The griddled cheese at the Greece booth near the Morocco pavilion has been an annual favorite over the last decade or two, and is once again a highlight. It’s exactly the kind of unexpected but undeniably delicious treat that makes Food and Wine such a great event. It’s what it sounds like, a piece of cheese (this time made from a combo of sheep’s milk and goat’s milk) heated in a griddle, and then served with a hard layer of honey and topped with tiny pistachio pieces. It’s only three ingredients, but there’s so much happening with this flavor profile, from the rich creaminess of the cheese, to the sweetness of the honey and the earthiness of the pistachios. It might be old hat for annual Food and Wine visitors, but the griddled cheese remains one of the very best dishes you’ll find there.
French fries might sound boring at a festival with exotic delicacies from around the world, but there’s always a need for comfort food. At the Fry Basket booth near the Test Track attraction you can order a flight of three unique takes on fried potatoes. One type of fry comes seasoned with sea salt and malt vinegar for all the fish and chips fans out there. The barbecued bacon fries are almost like an homage to poutine, with bits of bacon and a smoky aioli on top of fries dusted with a barbecue seasoning. And the sweet potato casserole fries could double as dessert, with marshmallow cream, candied pecans, and the rich taste of caramel whisky. This might literally seem like a meat and potatoes type of order (even if only one of the three actually comes with meat), but if you’re looking for a delicious (and salty) snack, the fry flight is near the top of the list.
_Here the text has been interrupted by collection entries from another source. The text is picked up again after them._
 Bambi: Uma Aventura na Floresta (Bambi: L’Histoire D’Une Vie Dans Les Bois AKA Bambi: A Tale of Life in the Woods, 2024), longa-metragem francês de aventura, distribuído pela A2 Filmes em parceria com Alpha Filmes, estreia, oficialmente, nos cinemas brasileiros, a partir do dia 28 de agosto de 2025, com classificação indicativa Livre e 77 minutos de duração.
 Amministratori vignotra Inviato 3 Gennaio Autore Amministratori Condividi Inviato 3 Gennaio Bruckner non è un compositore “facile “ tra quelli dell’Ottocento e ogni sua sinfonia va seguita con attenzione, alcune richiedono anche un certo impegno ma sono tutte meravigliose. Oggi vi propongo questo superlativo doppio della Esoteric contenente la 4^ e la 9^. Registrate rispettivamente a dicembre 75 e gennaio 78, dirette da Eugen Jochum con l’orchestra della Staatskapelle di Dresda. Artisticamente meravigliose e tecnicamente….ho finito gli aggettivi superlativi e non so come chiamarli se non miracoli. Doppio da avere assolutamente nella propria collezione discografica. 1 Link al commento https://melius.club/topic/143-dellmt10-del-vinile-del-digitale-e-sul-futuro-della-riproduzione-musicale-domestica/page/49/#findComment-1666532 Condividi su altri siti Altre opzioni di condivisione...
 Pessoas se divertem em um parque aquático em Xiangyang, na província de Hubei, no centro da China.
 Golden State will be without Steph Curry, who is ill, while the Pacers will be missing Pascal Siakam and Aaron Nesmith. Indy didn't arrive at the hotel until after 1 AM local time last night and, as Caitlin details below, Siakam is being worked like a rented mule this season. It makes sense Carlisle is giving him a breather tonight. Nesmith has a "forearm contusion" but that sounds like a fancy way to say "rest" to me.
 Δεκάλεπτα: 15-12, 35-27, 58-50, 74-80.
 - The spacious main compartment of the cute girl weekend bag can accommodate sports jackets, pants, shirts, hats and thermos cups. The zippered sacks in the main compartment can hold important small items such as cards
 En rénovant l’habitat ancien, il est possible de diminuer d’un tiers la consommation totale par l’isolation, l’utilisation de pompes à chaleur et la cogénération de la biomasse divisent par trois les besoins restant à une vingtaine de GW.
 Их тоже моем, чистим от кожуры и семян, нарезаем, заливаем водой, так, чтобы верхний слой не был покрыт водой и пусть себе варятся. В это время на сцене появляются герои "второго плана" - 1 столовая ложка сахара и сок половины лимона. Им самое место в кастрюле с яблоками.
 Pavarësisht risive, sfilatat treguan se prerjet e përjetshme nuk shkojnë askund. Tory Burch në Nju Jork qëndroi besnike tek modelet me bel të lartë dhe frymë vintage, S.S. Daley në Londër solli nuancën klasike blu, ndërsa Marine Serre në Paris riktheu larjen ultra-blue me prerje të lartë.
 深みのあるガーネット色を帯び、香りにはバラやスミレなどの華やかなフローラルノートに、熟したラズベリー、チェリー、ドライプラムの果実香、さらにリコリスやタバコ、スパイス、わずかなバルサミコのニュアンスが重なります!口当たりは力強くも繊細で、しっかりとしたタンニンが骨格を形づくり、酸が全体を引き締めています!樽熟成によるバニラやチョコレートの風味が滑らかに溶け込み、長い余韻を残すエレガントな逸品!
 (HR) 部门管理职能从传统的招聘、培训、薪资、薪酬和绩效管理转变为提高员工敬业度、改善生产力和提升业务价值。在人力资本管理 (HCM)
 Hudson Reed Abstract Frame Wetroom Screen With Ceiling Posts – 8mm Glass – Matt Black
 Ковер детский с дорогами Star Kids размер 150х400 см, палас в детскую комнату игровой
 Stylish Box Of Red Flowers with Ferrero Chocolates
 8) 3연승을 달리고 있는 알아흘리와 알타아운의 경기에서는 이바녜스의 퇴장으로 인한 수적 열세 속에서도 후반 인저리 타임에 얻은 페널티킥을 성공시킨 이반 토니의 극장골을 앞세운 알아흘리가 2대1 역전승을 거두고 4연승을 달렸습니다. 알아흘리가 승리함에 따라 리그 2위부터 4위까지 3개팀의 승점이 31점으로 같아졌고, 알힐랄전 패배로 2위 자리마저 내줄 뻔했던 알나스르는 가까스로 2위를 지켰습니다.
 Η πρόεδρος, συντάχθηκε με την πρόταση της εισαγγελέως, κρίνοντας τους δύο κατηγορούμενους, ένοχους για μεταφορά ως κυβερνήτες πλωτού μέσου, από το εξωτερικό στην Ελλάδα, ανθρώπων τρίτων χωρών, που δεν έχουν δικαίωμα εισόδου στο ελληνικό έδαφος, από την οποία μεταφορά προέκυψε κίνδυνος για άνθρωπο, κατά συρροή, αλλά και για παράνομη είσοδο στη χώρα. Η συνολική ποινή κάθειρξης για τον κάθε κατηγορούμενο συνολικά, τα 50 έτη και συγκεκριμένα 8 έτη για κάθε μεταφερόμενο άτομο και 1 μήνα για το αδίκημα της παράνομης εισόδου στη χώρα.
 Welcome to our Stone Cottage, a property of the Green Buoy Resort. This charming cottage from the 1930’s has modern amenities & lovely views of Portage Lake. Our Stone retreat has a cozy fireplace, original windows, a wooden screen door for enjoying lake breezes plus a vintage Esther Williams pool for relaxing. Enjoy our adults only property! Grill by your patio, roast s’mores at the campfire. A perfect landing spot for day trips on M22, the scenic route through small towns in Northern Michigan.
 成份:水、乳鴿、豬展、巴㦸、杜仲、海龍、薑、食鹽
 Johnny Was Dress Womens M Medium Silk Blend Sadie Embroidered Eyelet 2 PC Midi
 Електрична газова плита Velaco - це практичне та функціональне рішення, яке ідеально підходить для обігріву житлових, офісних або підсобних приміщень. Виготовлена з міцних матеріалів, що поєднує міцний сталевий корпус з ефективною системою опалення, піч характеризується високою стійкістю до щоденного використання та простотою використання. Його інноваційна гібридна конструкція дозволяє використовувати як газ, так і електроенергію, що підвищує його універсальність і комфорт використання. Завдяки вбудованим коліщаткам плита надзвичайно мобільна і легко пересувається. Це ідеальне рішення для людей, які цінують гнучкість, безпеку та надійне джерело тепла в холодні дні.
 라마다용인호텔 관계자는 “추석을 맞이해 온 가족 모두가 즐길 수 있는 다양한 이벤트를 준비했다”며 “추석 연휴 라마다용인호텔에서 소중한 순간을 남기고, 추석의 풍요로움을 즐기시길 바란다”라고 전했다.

It wouldn’t be Food and Wine without a drink (or six), but I’m a bit behind the 8 ball when it comes to that. I honestly don’t like wine, try to avoid beer, and will almost always go for a good rum or whiskey cocktail when possible. That leaves pretty slim pickings for me, as most of the alcoholic drinks here are beer, wine, cider, or vodka cocktails. (The only whiskey drink is a bourbon Bloody Mary, which sounds great, but not when it’s 95 degrees out in central Florida.) I certainly love a good margarita, though, and the best ones I’ve ever had at EPCOT is the blood orange charm margarita at a booth in the Mexico pavilion. It mixes together tequila, a blood orange aperitif, vodka infused with blackcurrant and prosecco, and serves it in a glass with pink peppercorns and a rim crusted with sweet dried chile salt. It has a good bit of the sweetness you expect from a margarita, but with a jolt of heat whenever you get near that salt. It’s tart, sweet, and spicy all at the same time, and although you definitely taste the tequila, it all balances so nicely that you might forget there’s even alcohol in it. Be like me and get a couple, why don’t you?